Hi Peter,
the factor of 1/N is used to find the amplitudes of continuous wave sines and cosines. Here you are approximating a fourier integral with the fft, which is a different matter. If you want to see .5 for the second moment in the momentum domain, then the appropriate transform pair is
pVec(p) = 1/sqrt(2*pi)) * Int xVec(x)*exp(-i*p*x) dx
xVec(x) = 1/sqrt(2*pi)) * Int pVec(p)*exp( i*p*x) dp
The only requirement is that the product of the two factors in front equals 1/(2*pi), and with the symmetric scaling here you will get .5 in the p domain.

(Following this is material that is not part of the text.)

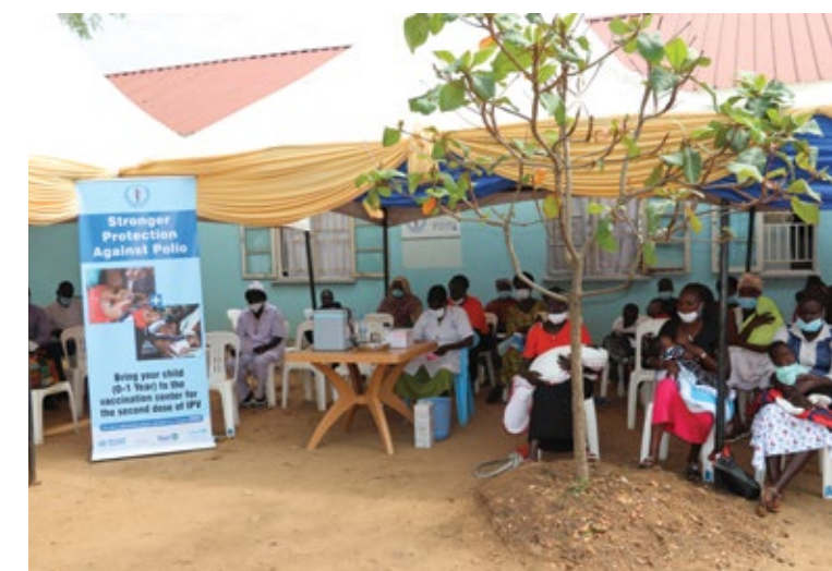
South Sudan launched introduction of a nationwide 2 dose of routine inactivated Polio vaccine aims to vaccinate over 592 000 infants against all 3 types of poliovirus, including wild poliovirus and vaccine derived

Further, the pandemic has exposed its impact on mental health and together with partners. WHO is mainstreaming the mental health needs into healthcare provision. Partners' financial support has helped ramp up COVID-19 care, reduce violence in the community, and meet some of the current demands of the country.

You are approximating this with fft arrays of discrete spacing. If you were using for example exp(2*pi*i*f*t) in the transform, the golden rule for an N-point fft with array spacings dt and df is
dt*df = 1/N [1]
Since you are using exp(i*k*x) the 2*pi is absorbed into k to give
dx*dk = 2*pi/N
The code below just reproduces what is above. I changed the number of points to 2000 since I think the 2^n preference is mostly useless. WIth k and x it doesn't matter as much, but from [1] you can see that if N is a number like 2000 then both dt and df could have convenient spacings.
N = 2000;
wavePack = @(x)((1/pi)^(1/4)*exp((-(x).^2)/2));
x = linspace(-20,20,N+1);
x(end) = []; % N points, of the form (-N/2:N/2-1)*dx
xVec = wavePack(x);
figure(1)
plot(x,xVec)
grid on
dx=(x(2)-x(1));
normBeforeFFT = sum(xVec.^2)*dx
% approximate the fourier transform integral
pVec_nosh = (1/sqrt(2*pi))*fft(xVec)*dx;
pVec = fftshift(pVec_nosh);
dp = 2*pi/(dx*N);
p = (-N/2:N/2-1)*dp;
fig(2)
plot(p,abs(pVec).^2)
grid on
Int0 = sum(abs(pVec).^2)*dp
Int1 = sum(p.*abs(pVec).^2)*dp
Int2 = sum(p.^2.*abs(pVec).^2)*dp
normBeforeFFT = 1.0000
Int0 = 1.0000
Int1 = -1.2465e-17
Int2 = 0.5000